Type out all the records word for word. Any pictures are to be left out.

Dataset entries
-.-.-
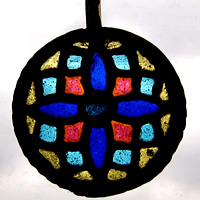 チャームを空(光)にかざすと、本物のステンドグラスの様に薔薇窓が綺麗に浮かび上がります(下写真参照)。
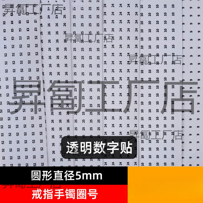 透明デジタルステッカー pvc ライブブロードキャスト 5 ミリメートルラウンド黒文字リングブレスレットリング番号サイズデジタルラベルステッカー
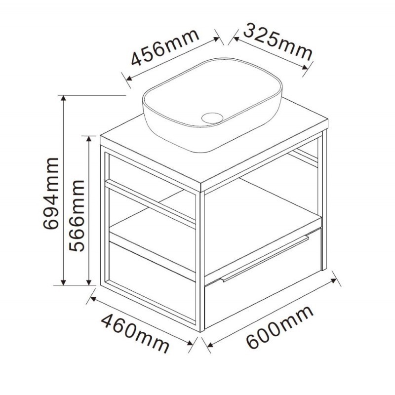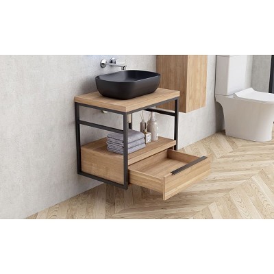 Шкаф долна част Комо ICP6056-039 60/46/h56.6см. Окачен PVC с меламиново покритие дървесен цвят PS039 едно чекмедже с дръжка алуминиева 40см. черен мат DTC релси с механизъм soft close един отворен рафт/ниша метална конструкция черен мат Без мивка ICP6056-039/6988354273001/Без мивка
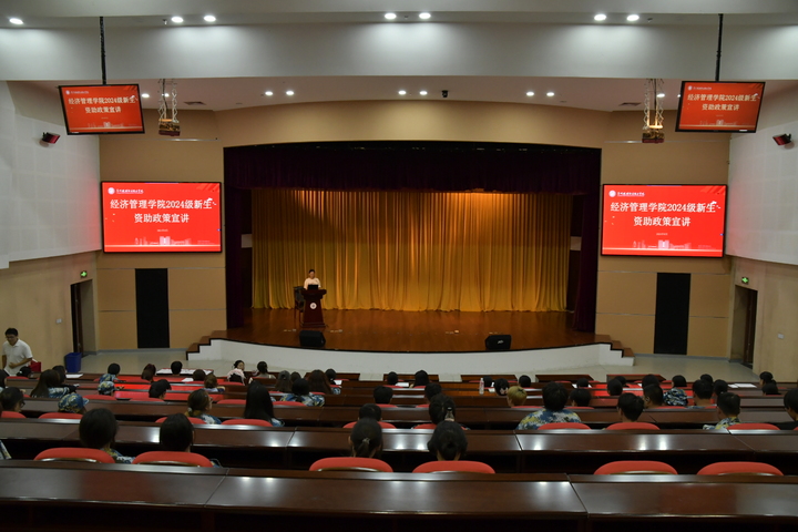 2024年9月22日晚,经济管理学院“紫薇”思政大讲坛暨2024级新生入学教育活动在学校二期报告厅举行。辅导员张丽丽老师为2024级全体新生作资助政策宣讲。
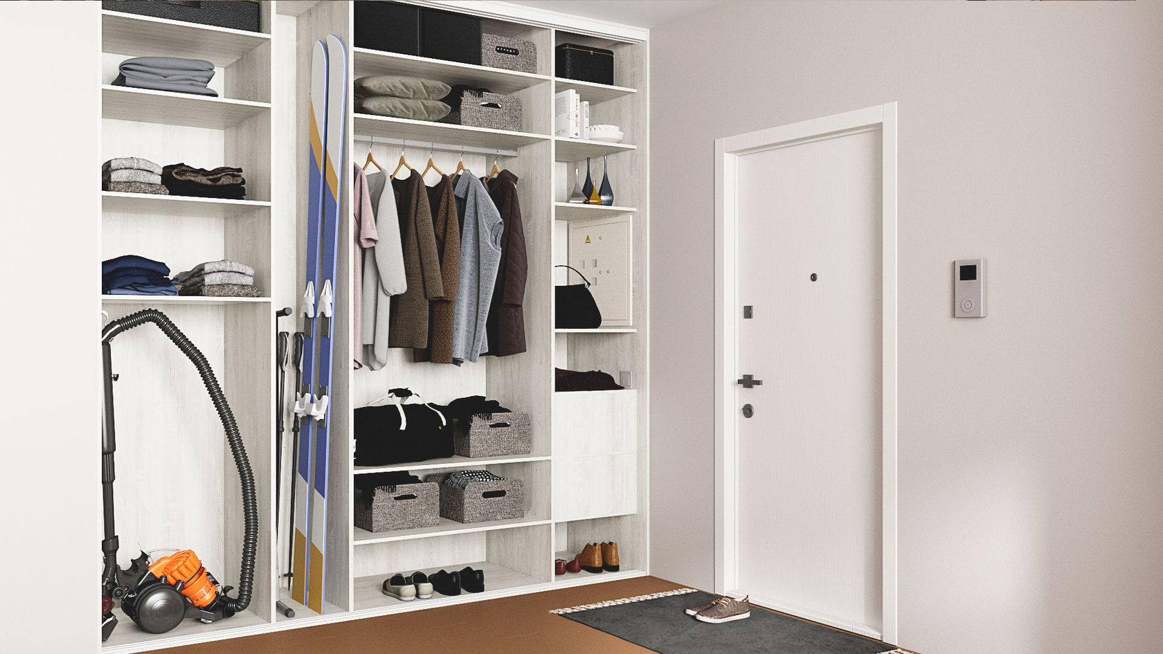 Внутреннее наполнение встроенного шкафа должно быть максимально функциональным и соответствовать вашим потребностям. Вот несколько полезных элементов:
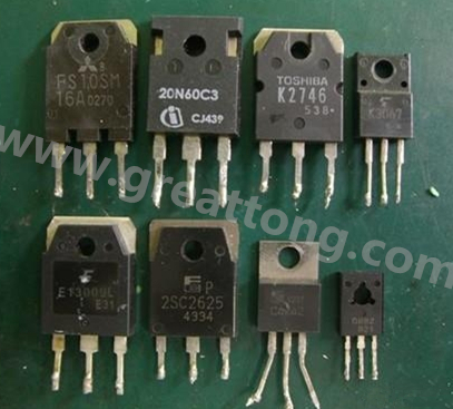 照片中上方為電源內(nèi)常見的N MOSFET(N型金氧半導(dǎo)體場效晶體管),下方則是NPN BJT(NPN型雙接面晶體管)。
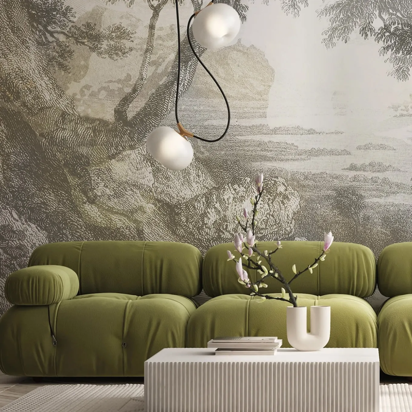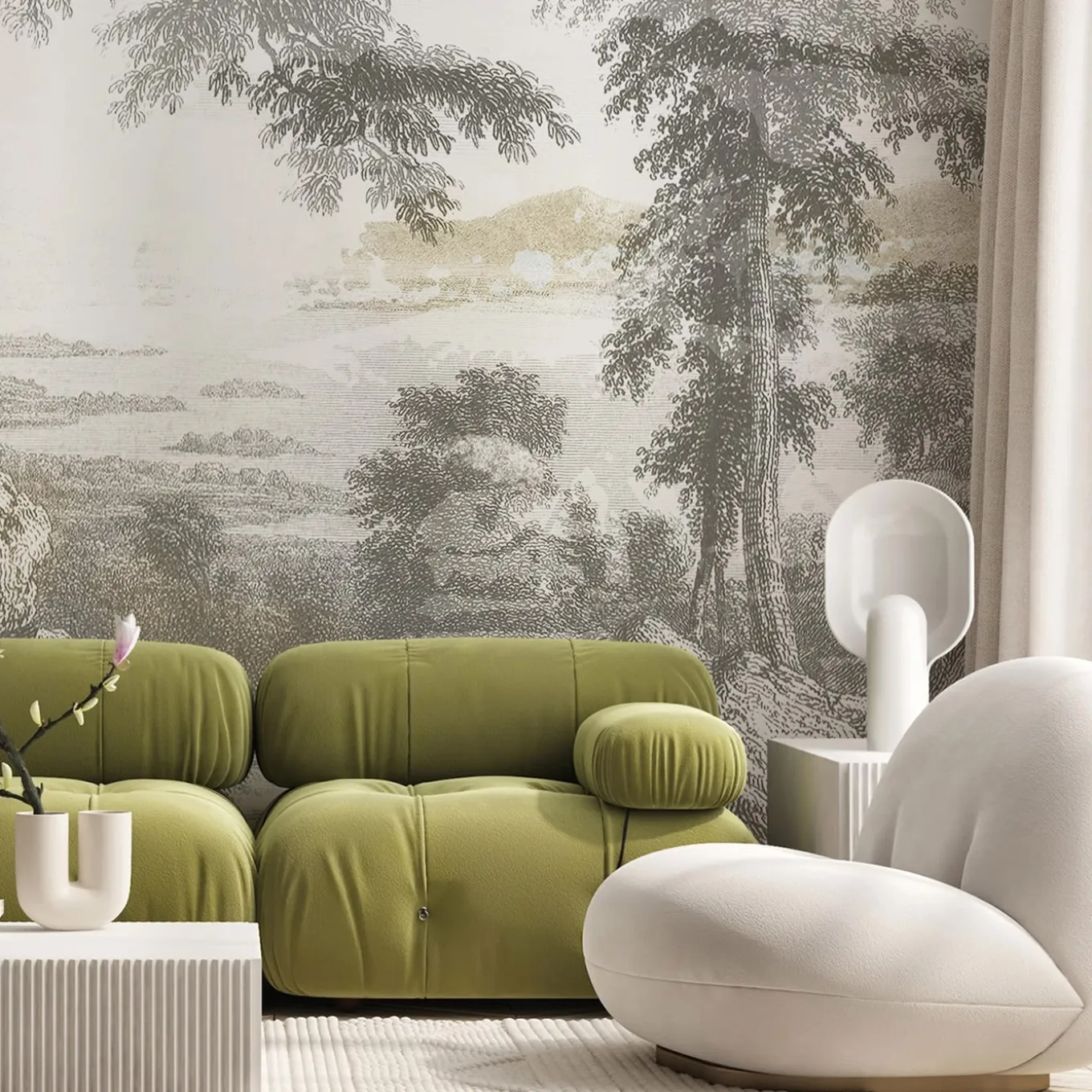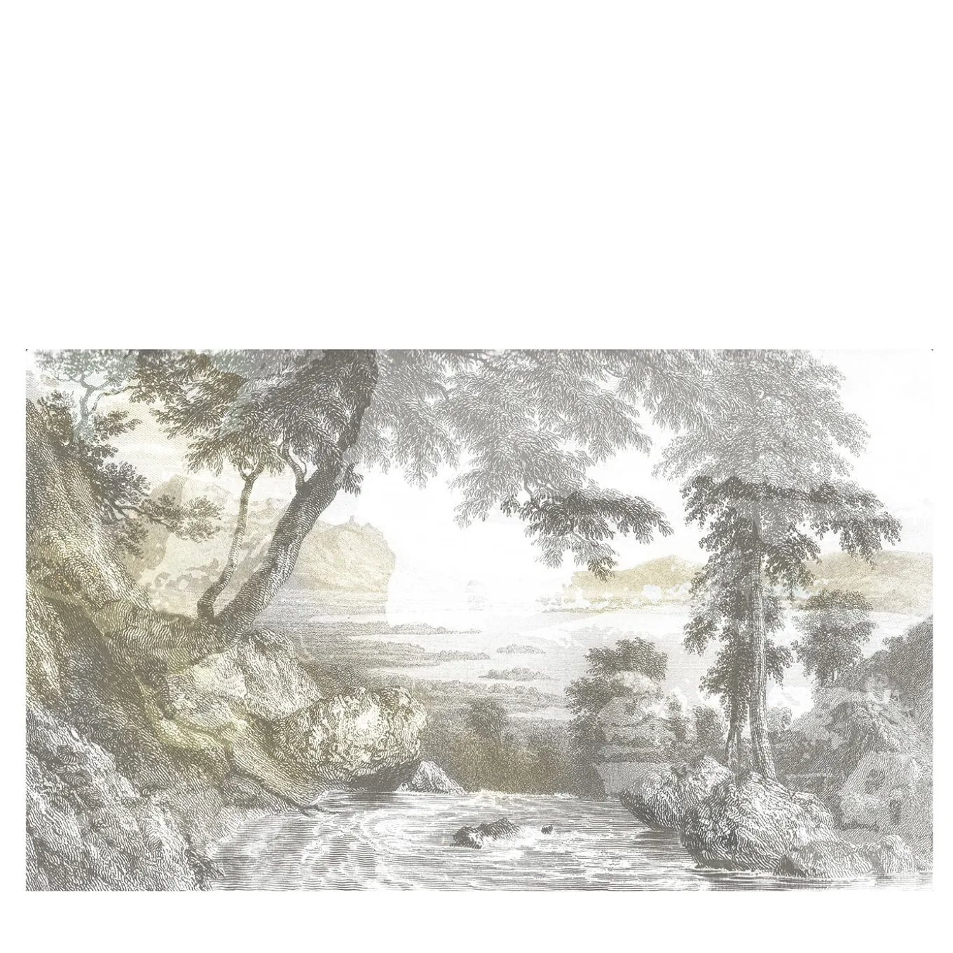 Dull tones contribute to stress the sophistication of this naturalistic-themed wallpaper in sustainable, PVC-free paper, superb design from the Panorama Collection including a variety of different landscapes inspired by the trompe l’oeil wallpapers popular in the early 20th century. Offered in multiple palettes and effects, the design sports a tranquil scene by the river. Can also be printed on thin Kerlite® or fiberglass panels upon request, please ask the Concierge for pricing. Price is per squared meter.
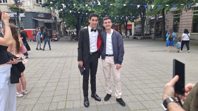 Артистични, красиви, усмихнати младежи – това бяха днес абитуриентите от НУМСИ „ Проф. Панчо Владигеров“, известно като Музикалното, които се събраха на главната улица „Александровска“ в Бургас. Нежни цветове, много дантела, впечатляващ грим бяха част от визията на младите дами. Техние съученици впечатляваха със стилни костюми.
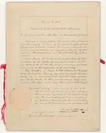 The Oregon Treaty[1] is a treaty between the United Kingdom and the United States that was signed on June 15, 1846, in Washington, D.C. The treaty brought an end to the Oregon boundary dispute by settling competing American and British claims to the Oregon Country; the area had been jointly occupied by both Britain and the U.S. since the Treaty of 1818.[2]
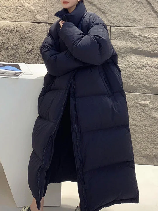 Women Long Sleeve Solid Zipper Loose Down Jacket Coats
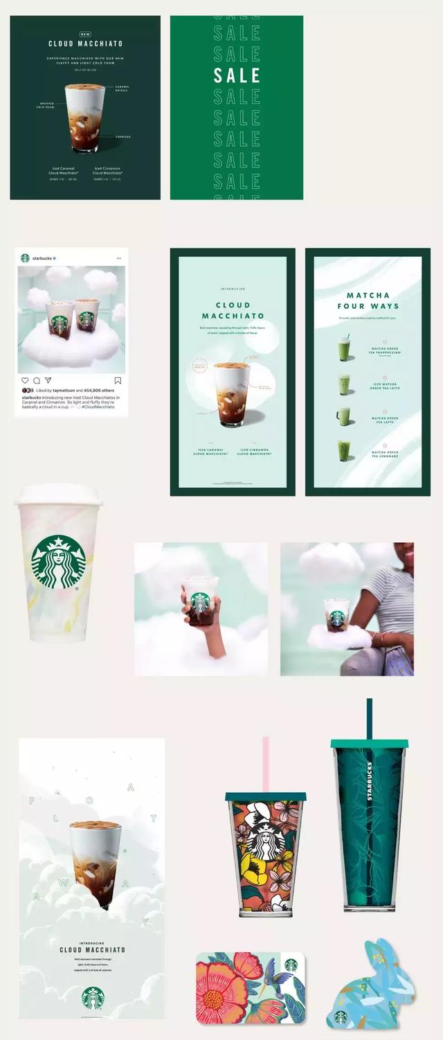 感受一下星巴克綠色美人魚出現在不同設計上面的效果。
-.-.-
* [Finished exercise]:
 チャームを空(光)にかざすと、本物のステンドグラスの様に薔薇窓が綺麗に浮かび上がります(下写真参照)。
 透明デジタルステッカー pvc ライブブロードキャスト 5 ミリメートルラウンド黒文字リングブレスレットリング番号サイズデジタルラベルステッカー
 Шкаф долна част Комо ICP6056-039 60/46/h56.6см. Окачен PVC с меламиново покритие дървесен цвят PS039 едно чекмедже с дръжка алуминиева 40см. черен мат DTC релси с механизъм soft close един отворен рафт/ниша метална конструкция черен мат Без мивка ICP6056-039/6988354273001/Без мивка
 2024年9月22日晚,经济管理学院“紫薇”思政大讲坛暨2024级新生入学教育活动在学校二期报告厅举行。辅导员张丽丽老师为2024级全体新生作资助政策宣讲。
 Внутреннее наполнение встроенного шкафа должно быть максимально функциональным и соответствовать вашим потребностям. Вот несколько полезных элементов:
 照片中上方為電源內(nèi)常見的N MOSFET(N型金氧半導(dǎo)體場效晶體管),下方則是NPN BJT(NPN型雙接面晶體管)。
 Dull tones contribute to stress the sophistication of this naturalistic-themed wallpaper in sustainable, PVC-free paper, superb design from the Panorama Collection including a variety of different landscapes inspired by the trompe l’oeil wallpapers popular in the early 20th century. Offered in multiple palettes and effects, the design sports a tranquil scene by the river. Can also be printed on thin Kerlite® or fiberglass panels upon request, please ask the Concierge for pricing. Price is per squared meter.
 Артистични, красиви, усмихнати младежи – това бяха днес абитуриентите от НУМСИ „ Проф. Панчо Владигеров“, известно като Музикалното, които се събраха на главната улица „Александровска“ в Бургас. Нежни цветове, много дантела, впечатляващ грим бяха част от визията на младите дами. Техние съученици впечатляваха със стилни костюми.
 The Oregon Treaty[1] is a treaty between the United Kingdom and the United States that was signed on June 15, 1846, in Washington, D.C. The treaty brought an end to the Oregon boundary dispute by settling competing American and British claims to the Oregon Country; the area had been jointly occupied by both Britain and the U.S. since the Treaty of 1818.[2]
 Women Long Sleeve Solid Zipper Loose Down Jacket Coats
 感受一下星巴克綠色美人魚出現在不同設計上面的效果。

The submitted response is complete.